To prove this, it suffices to find a specialization $x' \leadsto x$ of points of $\text{Spec}(B \otimes_A C)$ such that $x'$ maps to the generic points of $\text{Spec}(B)$ and $\text{Spec}(C)$ and such that $x$ maps to the closed points of $\text{Spec}(B)$ and $\text{Spec}(C)$. Namely, then we can apply Tag 01J8 to find $D$.
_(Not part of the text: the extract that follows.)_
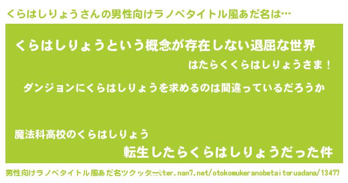 | 胡散臭い通販商品みたいなあだ名 | 『伝統あるサプリメント…その名も「くらはしりょう」』 |
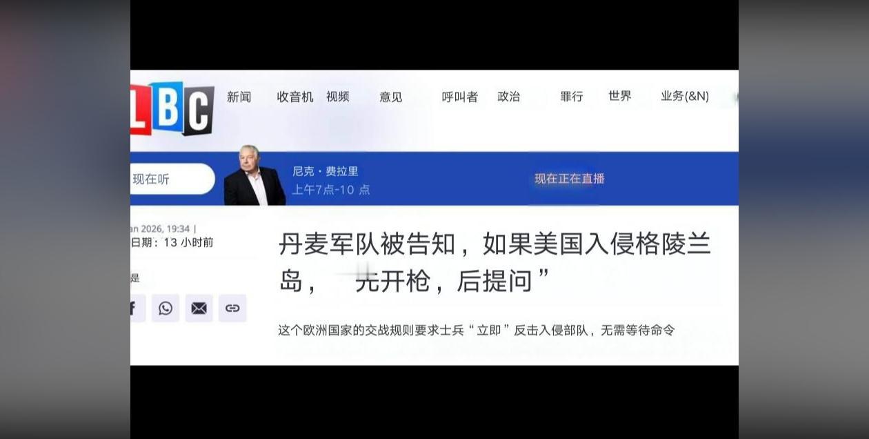 英国媒体LBC(成立于1973年的老牌新闻广播媒体)在一月七日的报道中透露,若美国入侵格陵兰,丹麦军队将"先开火,后提问",丹麦倘若遭受军事攻击,部队将进行反击且无需等待上级命令。而根据路透社最新的消息,美国考虑以人均一万到十万美元不等来收买格陵兰居民。

Denote $\kappa_A$ the residue field of $A$ and similarly for $B$ and $C$. Since $\kappa_B \otimes_{\kappa_A} \kappa_C$ is not the zero ring, there exists a point $x$ of $\text{Spec}(B \otimes_A C)$ mapping to the closed points of $\text{Spec}(B)$ and $\text{Spec}(C)$. Pick any maximal point $x'$ of $\text{Spec}(B \otimes_A C)$ specializing to $x$, in other words, $x'$ corresponds to a minimal prime ideal of $B \otimes_A C$. Since $A \to B$ and $A \to C$ are flat ring maps (as torsion free $A$-modules are flat), the ring maps $B \to B \otimes_A C$ and $C \to B \otimes_A C$ are flat as well. By going down for flat ring maps, we see that $x'$ maps to the generic points of $\text{Spec}(B)$ and $\text{Spec}(C)$. This finishes the proof.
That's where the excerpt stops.